India's T20 World Cup demiseIndia's T20 World Cup demise

Pakistan has outshone India by a billion lumens ringing the death knell at India’s slow and unceremonious T20 demise. With the star-studded line up, Indians were favourite to win the World Cup and now all Indians are hanging their head in disbelief and disappointment trying to look for an answer.

India’s slow T20 World Cup death was finally complete on Monday morning when New Zealand dealt the final blow by beating Afghanistan to earn their spot in the semi-finals against England.

Australia, Pakistan, England and New Zealand have all made to the Semis and the two winners of the Semis will go to the finals.

The fallout from India’s early exit is likely to be huge but only cosmetic in some ways.

Also rad: Pakistan thrash India, teach Kohli and team how to play cricket

Virat Kohli will no longer be the T20 captain for India, hardly a seismic.

The Indian coach will change from Ravi Shastri to Rahul Dravid which may bring some welcome changes but perhaps again peripheral.

These outcomes will not satisfy a disappointed cricket-mad nation of 1.38 billion, which hasn’t enjoyed an ICC World Cup win since 2011.

India lost the semi-finals in 2015 and 2019 ODI World Cups and the 2016 T20 World Cup.

Again India lost the World Test Championship final to New Zealand this year.

It’s not an exaggeration to say the T20 World Cup and 20-over-a-side cricket games only exists because of India who not only invented the format but also gifted it to the world.

And here we are – being booted out when we were the fav favourites to win the title which has eluded us since 2011.

Despite boasting a star-studded line-up, envy of much of the cricketing world, India failed to make it out of the pool stage in the UAE.

To the utmost pain of India cricket fans, Pakistan topped the Group and remained undefeated.

What the first two games have shown, has been known to the Indian cricket head honchos for millions of years and that is – if top order fails, India fails.

Thus, what India needs is the mental grit – “yes I can” state of mind drilled into the players to drill out what they currently have and seems to be “Once the seniors set the stage, I will try to chip in a bit”.

India needs a Kapil Dev of 1983 who scored 175 not out when the whole team had crumbled.

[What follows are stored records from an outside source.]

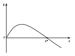 که در آن درصد سهم سرمایهگذاری از تولید یا همان نرخ پسانداز بوده و نرخ استهلاک سرمایه است. فرض میشود که ، و نسبتاً کوچک بوده و مجموع آنها مثبت است.
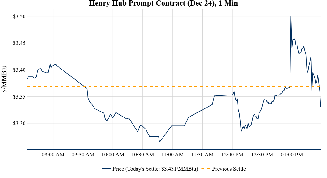Prompt-Month Henry Hub (Dec 24) was up $0.062 on the day, to settle at $3.431Prompt-Month WTI (Jan 25) was down $0.17 on the day, to settle at $68.77
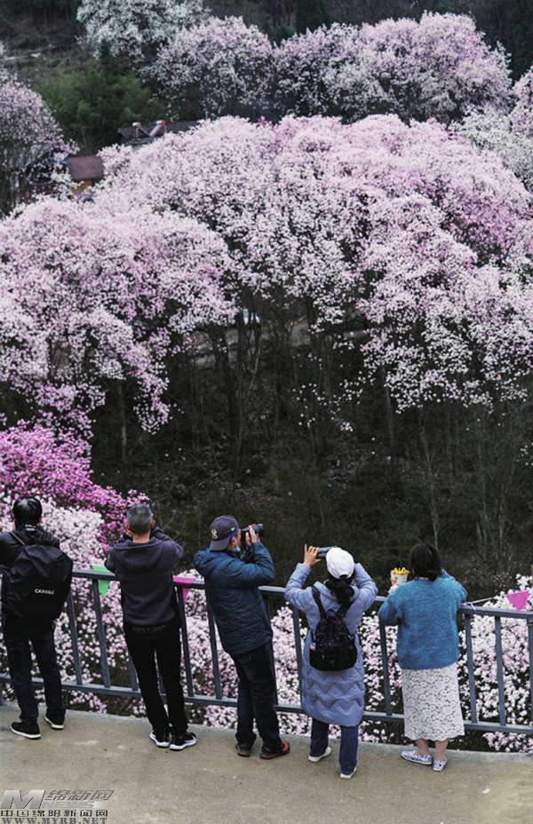 這是3月22日,幾名游客在江油市大康鎮(zhèn)戴天山村觀賞拍攝辛夷花。(新華社記者江宏景攝)

It did not matter for him that he did not see runs on the scoreboard when he got to the crease. Neither did it matter for him that there was not a batsman padded up ready to come to do it for the team.

Indians seem to be mentally trained the wrong way – only on “whole team contribution” mantra.

They have incredibly sick pay packets which some may debate they do not deserve.

In light of India’s T20 demise, these un-Godly pampered spoilt cricketers need to be shown their actual place after so many colossal losses at the World Cup level.

The in-coming coach Rahul Dravid who was know as “wall” on the Test crease winning many games for India will be best served if some special attention is paid to the mental training of his squad.